I work on a machine learning application and use Weka for testing, comparison classification algorithms etc. After the test operations on Weka, I determined to use J48 decision tree. I parsed the pruned tree which Weka had produced and implemented it as if-then format in C. However, if I tested my data which had been used as input for Weka in my program, results are not same as confusion matrix of Weka. In test options of Weka, I selected "Use training set" and I used that decision tree.
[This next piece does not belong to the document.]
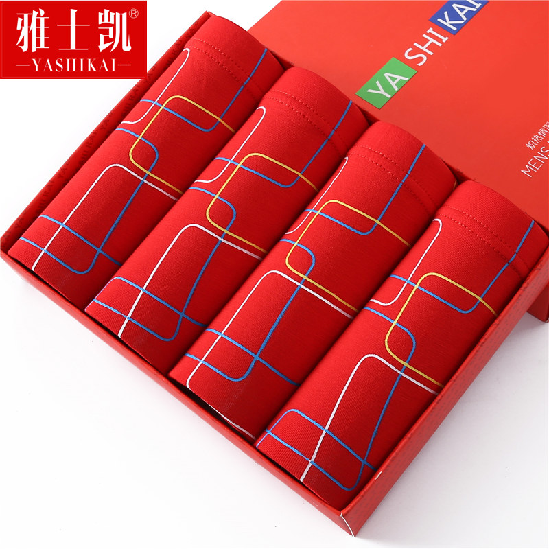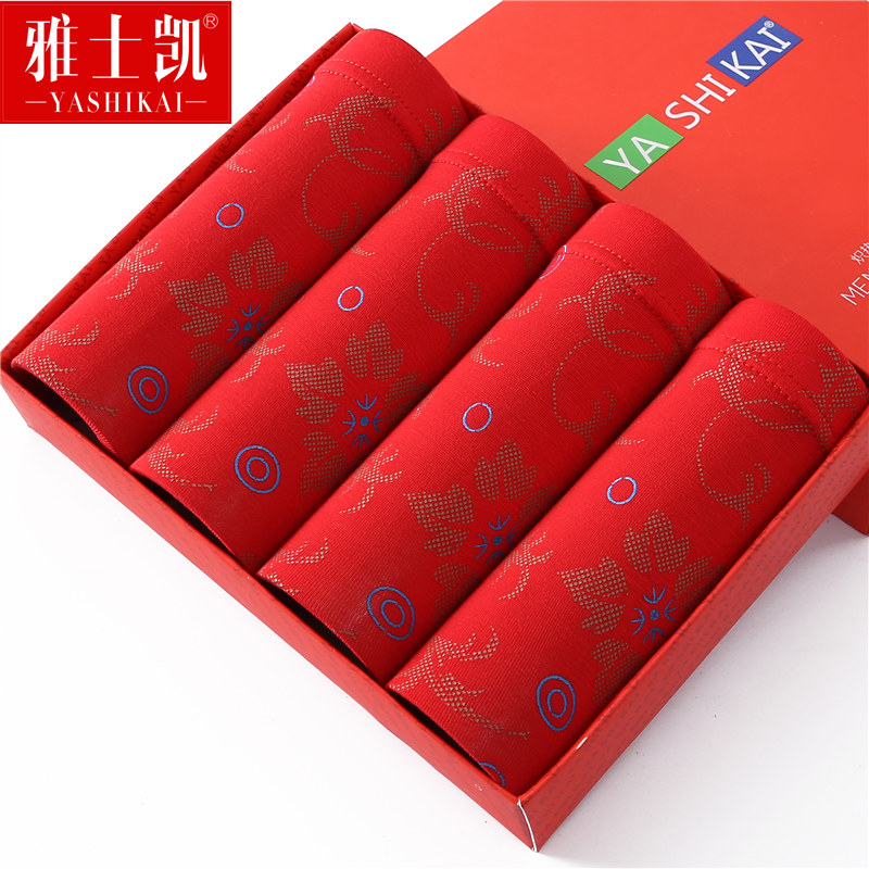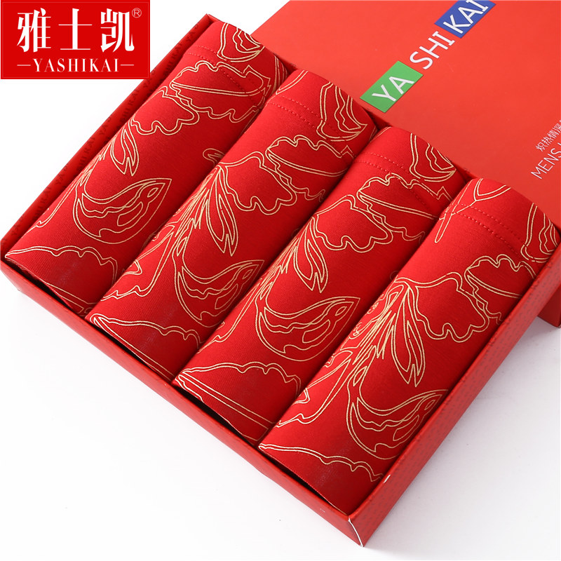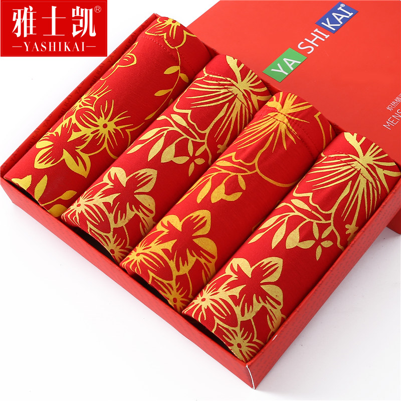 短裤 本命年大红色男士 莫代尔透气四角大码 男平角裤 头属虎礼物 内裤

Here is the confusion matrix and my results:
=== Confusion Matrix ===
a b c d e f g <-- classified as
178 1 0 1 13 2 7 | a = InstantMessaging
4 29 11 1 14 46 25 | b = Mail
1 3 1051 4 32 921 54 | c = Music
4 0 14 9596 10 4 10 | d = P2P
10 1 46 6 607 263 59 | e = SocialMedia
4 1 230 2 44 7619 63 | f = VideoStream
5 0 57 1 57 167 1016 | g = WebBrowsing
My results from program:
"instantMessaging" => 210,
"mail" => 33,
"music" => 4933,
"p2p" => 9886,
"socialMedia" => 1220,
"videoStream" => 4958,
"webBrowsing" => 1054,
"total" => 22294,
Although everything is same (decision tree, data, feature values, functions etc.), why do I get these different result? Is there a such possibility that Weka producing/showing wrong decision tree?
With more deeply search, I have found the answer. The problem was originated by changed function which create a feature. Since this function was changed, result of feature in the feature set was not equals to arff file. All results are logical now.